Fig. 4: Example of Data-Cache Emulator

Fig. 4 presents an example of a simplified data-cache emulator with user-specified data-cache configurations. The variable c joins the head of the most recently used variables, because it is read and is not present in the data cache. The variable d represents a read-miss just like the variable c. In addition, the data-cache emulator removes the variable a to make more free space, because it is the least recently used variable. The write operation performed on the variable e has no influence on the data cache organization, because we have a no-write-allocation policy for write misses. The read operation performed on the variable b makes it rejoin the head of the most recently used variables.

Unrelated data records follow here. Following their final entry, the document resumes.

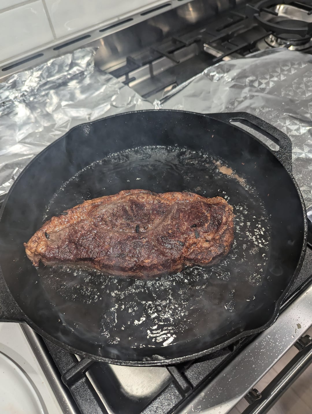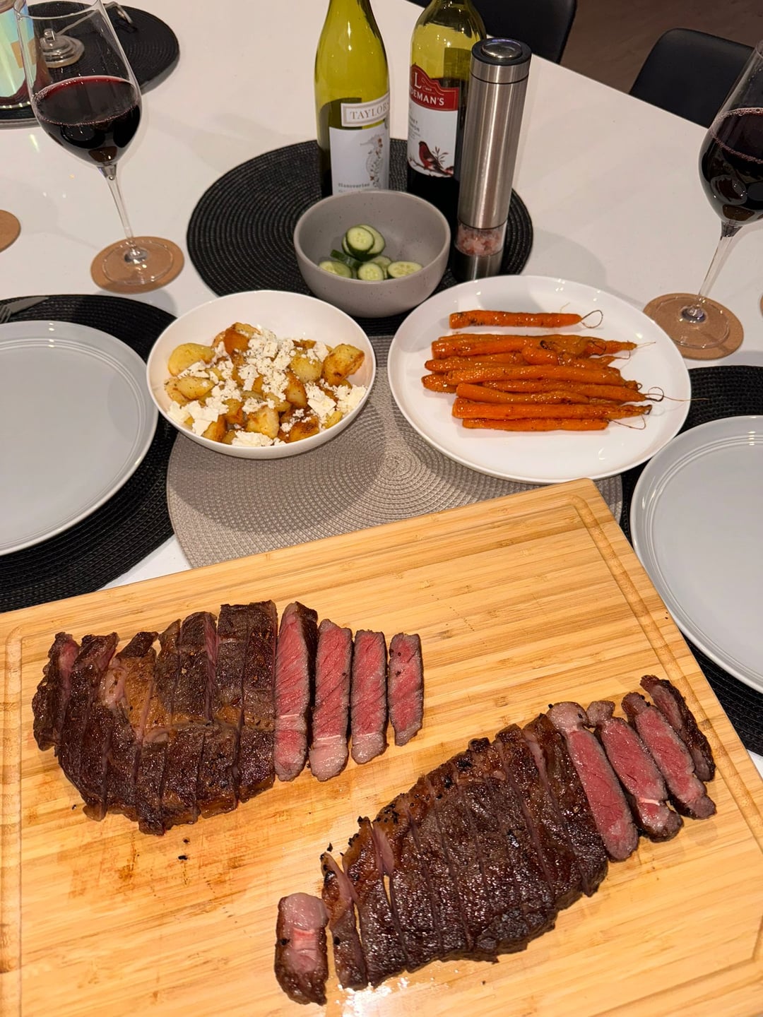 54 degrees Celsius (129ish farenheit) for just under 3 hours, finished in the good old cast iron. Paired with some roasted Dutch Carrots & crispy roast potatoes with oregano and feta.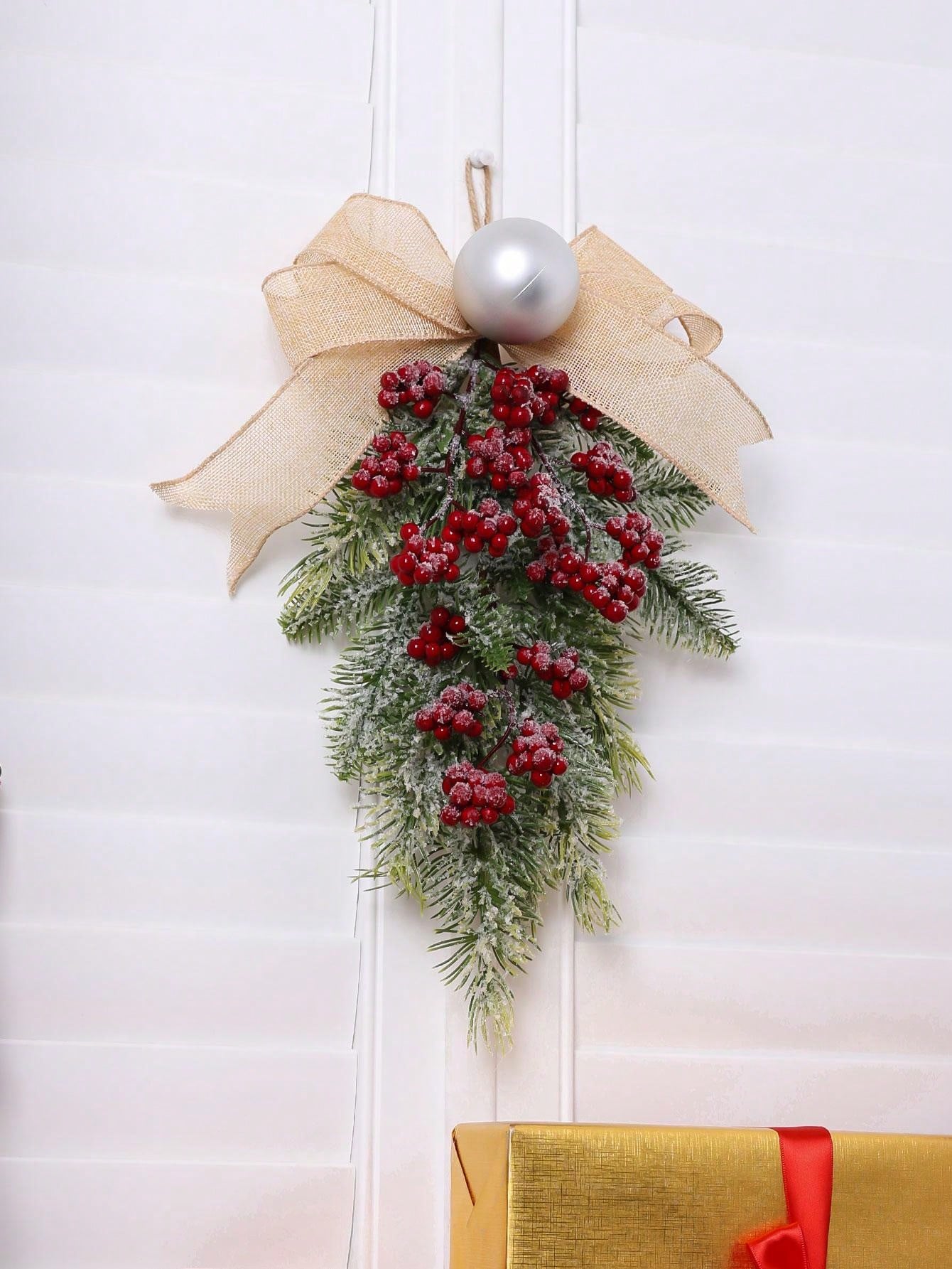1PC 45CM(H) Simulation pine needle red fruit round ball bow Teardrop hanging Home Hotel Shopping mall Christmas party decoration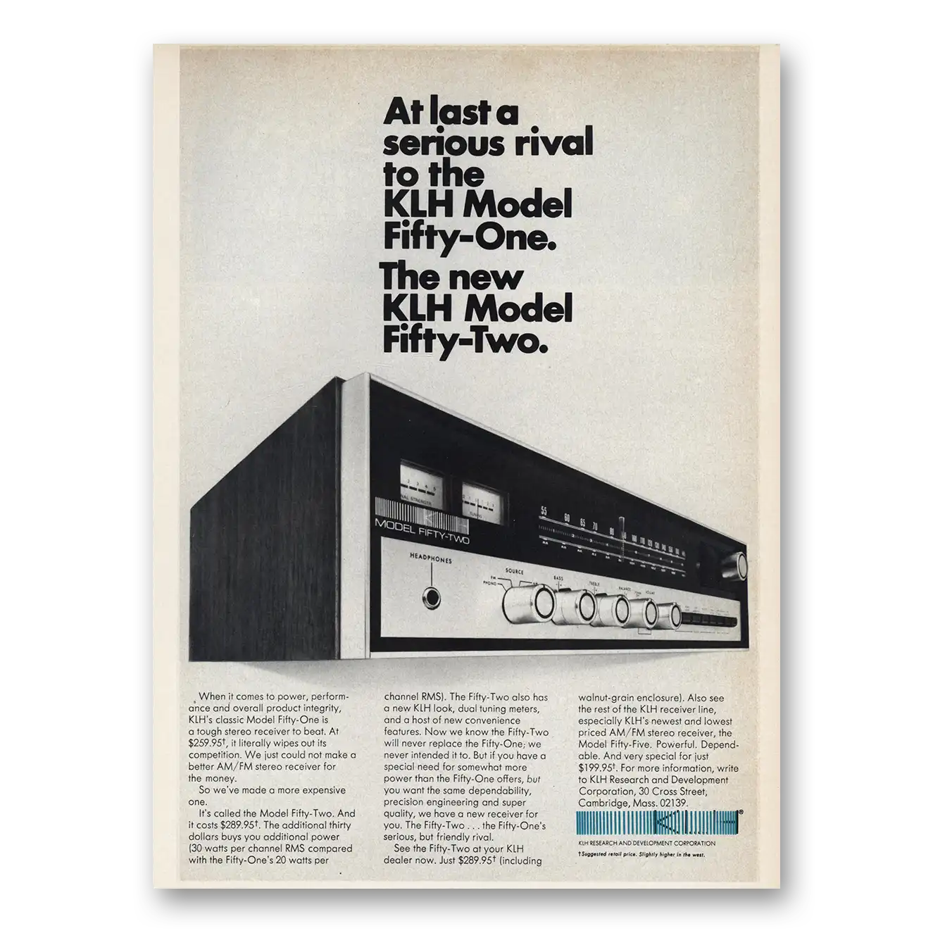 1972 KLH Receiver Print Ad | Serious Rival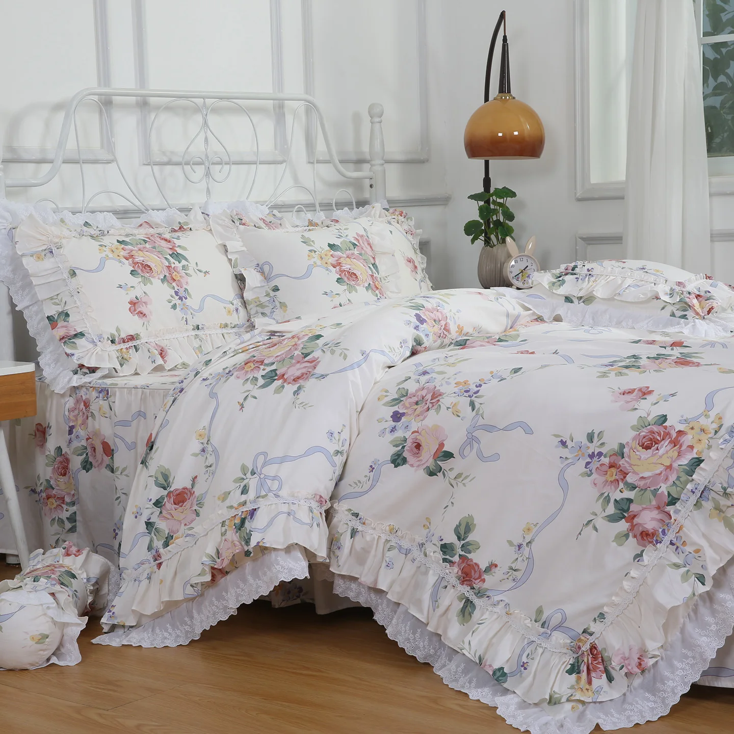 Ins Pink Princess Bedding Set with Ruffles Solid Color Soft Girls Boys Duvet Cover No Filler Pillowcase 3 or 4 pcs Bed Sheet $28.75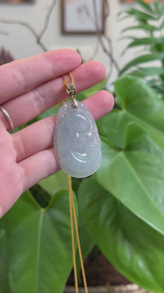 *Design concept-- "Ruyi" in Chinese literally means, "as you wish." This necklace portrays the timeless, good luck symbol in natural ice jadeite jade with blue colors, Perfect for a gift for a friend who is venturing into a new chapter of life or a someone who is venturing into a new business.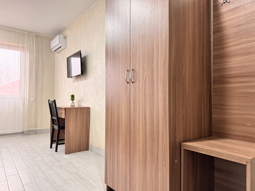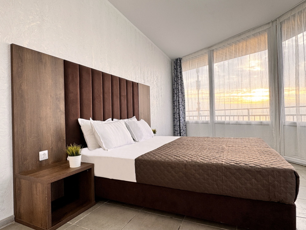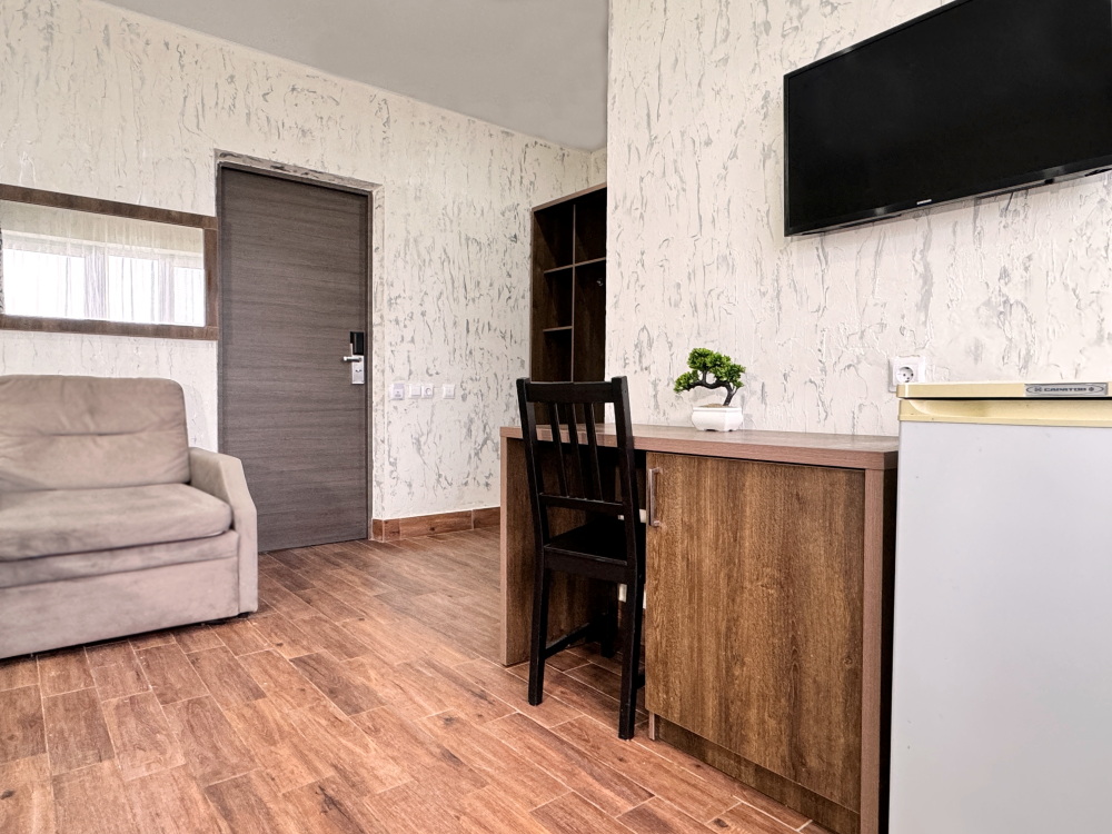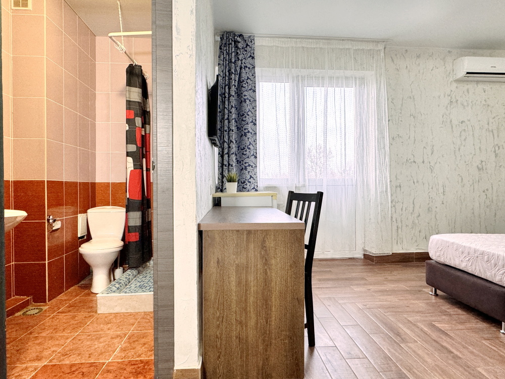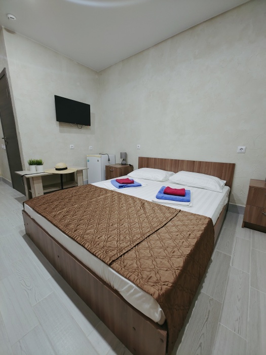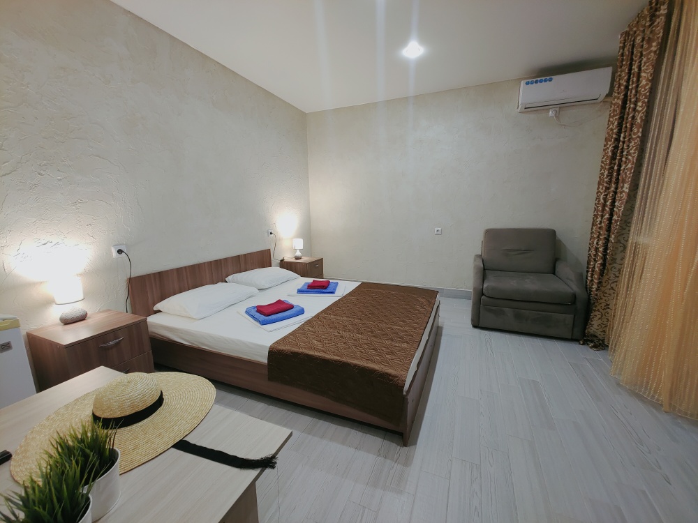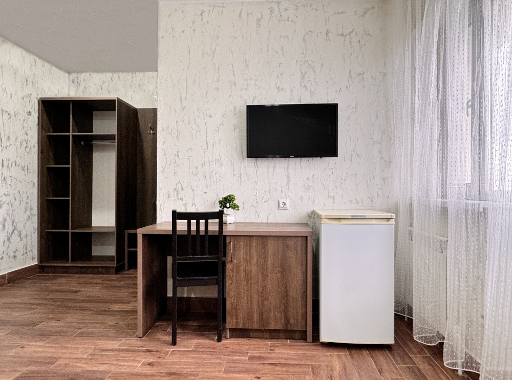 Для вашего комфортного и незабываемого отдыха мы рады предложить прекрасный однокомнатный номер с видом на море. В нем есть все необходимое для вашего отдыха: двуспальная кровать, прикроватные тумбочки, стол, телевизор, мини-холодильник. Также в номере имеется Wi-Fi, для того чтобы вы всегда оставались на связи. Утром вы можете насладиться чашечкой чая или наблюдать за восходом солнца, а вечером отдохнуть на балконе, наслаждаясь морским бризом и потрясающим закатом. Этот номер станет идеальным выбором для романтического уикенда или незабываемого отпуска.

2) **RAM Emulator**: The RAM emulator is implemented as a collection of all function codes and all active variables during program execution. The proposed tool targets only the active memory area in the RAM, which allows to save simulation time. The user has to provide the total RAM size in order to determine the unused memory area. The faults occurring in this area are considered as masked because they do not have any influence on program execution.

3) Fault Injection in Data Cache: Fig. 5 illustrates the algorithm we use to simulate faults occurring in the data cache. After selecting a random injection instant and a random byte in the data cache to be the target of fault injection, the algorithm checks if the selected byte resides in some unused memory space in the data cache. In this case, the fault is considered as masked. If the selected byte resides in occupied memory area in the data cache, the algorithm selects a random bit and performs the fault injection. Furthermore, we take into consideration that the variable may leave the data cache and the original variable content is then reloaded from the RAM in later utilization of this variable. The algorithm passes over the fault injection in this variable. In case a write operation is performed on the faulty variable after the injection instant and before leaving the data cache, then the corrupted content of this variable is written back to the RAM, either immediately for a write-through data cache or after leaving the data cache for a write-back data cache. Thus we do not have to undo the fault injection.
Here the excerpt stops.